Le gestionnaire de fortune Julius Bär a annoncé vendredi le départ de la directrice financière Evangelia Kostakis, qui quittera ses fonctions à priori au second semestre pour "occuper une nouvelle fonction de direction à l'international", sans plus de précision.

Un processus de succession est en cours et Mme Kostakis restera au sein du groupe jusqu'à la fin de l'année afin d'assurer la transition, a précisé la banque dans un communiqué.

Evangelia Kostakis, une double nationale grecque et américaine, aura passé 13 ans auprès de Julius Bär où elle a occupé la fonction de directrice financière depuis 2022.

"Elle a largement contribué à optimiser notre présence sur le plan stratégique, à améliorer notre efficacité opérationnelle et à renforcer notre base d'investisseurs", l'a félicité le directeur général Stefan Bollinger, cité dans le document.
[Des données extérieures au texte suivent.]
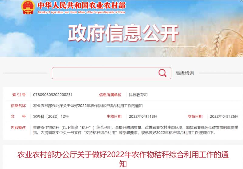 [ 導讀 ] 關于做好2022年農作物秸稈綜合利用工作的通知。

En pleine restructuration de ses activités depuis la déconfiture subie dans l'affaire Signa, le groupe bancaire zurichois a réorganisé sa direction. M. Bollinger a ainsi pris ses fonctions début janvier 2025 et Noel Quinn, ancien directeur général de la banque britannique HSBC, a accédé en avril 2025 à la présidence.

En janvier dernier, Jean Nabaa a pris le poste de directeur des opérations.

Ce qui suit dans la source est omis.